# [Dataset]

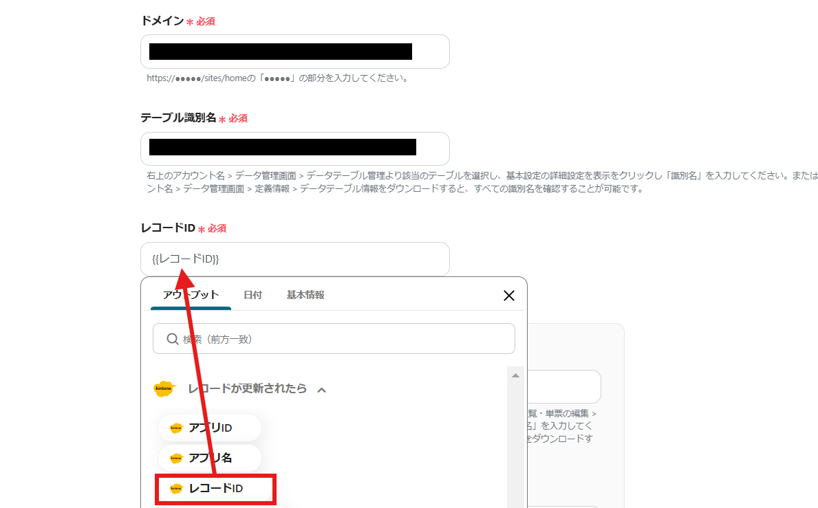 3.ドメイン、テーブル識別名、レコードIDを設定してください。
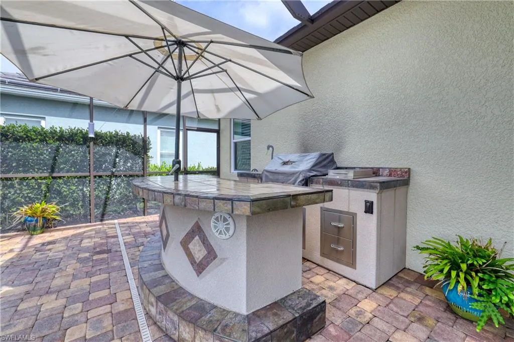 Inside, timeless travertine floors, raised-panel cabinetry, and granite countertops set the stage for elegant living and effortless entertaining. Step outside to your private retreat with a sparkling pool and spa, complete with a tiki hut—the perfect spot to unwind with a beverage while soaking in breathtaking sunsets over the water.
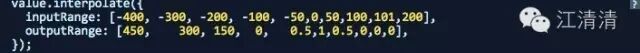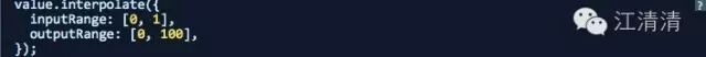 Animated库API还提供一个非常强大的功能是interpolate插值动画效果。该允许一个输入的区间范围映射到另外一个输入的区间范围。例如:一个简单的实例0-1的区间映射到0-100的区间范围:
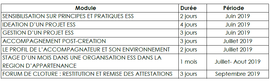 L’objectif de la session de formation est la création d’un groupe d’accompagnateurs locaux dans chaque gouvernorat qui seront capables d’encadrer les initiatives/projets de l’économie sociale et solidaire.
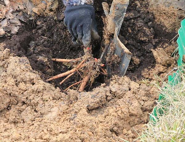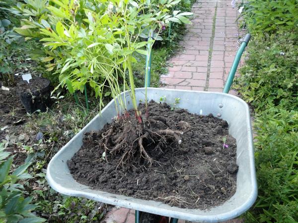Durante o transplante, as peônias são retiradas, tentando não danificar gravemente seu sistema radicular.

# [Problem to work on]
What's needed is a word-for-word retyping of the listing, minus its pictures.

# [Result below]
 3.ドメイン、テーブル識別名、レコードIDを設定してください。
 Inside, timeless travertine floors, raised-panel cabinetry, and granite countertops set the stage for elegant living and effortless entertaining. Step outside to your private retreat with a sparkling pool and spa, complete with a tiki hut—the perfect spot to unwind with a beverage while soaking in breathtaking sunsets over the water.
 Animated库API还提供一个非常强大的功能是interpolate插值动画效果。该允许一个输入的区间范围映射到另外一个输入的区间范围。例如:一个简单的实例0-1的区间映射到0-100的区间范围:
 L’objectif de la session de formation est la création d’un groupe d’accompagnateurs locaux dans chaque gouvernorat qui seront capables d’encadrer les initiatives/projets de l’économie sociale et solidaire.
Durante o transplante, as peônias são retiradas, tentando não danificar gravemente seu sistema radicular.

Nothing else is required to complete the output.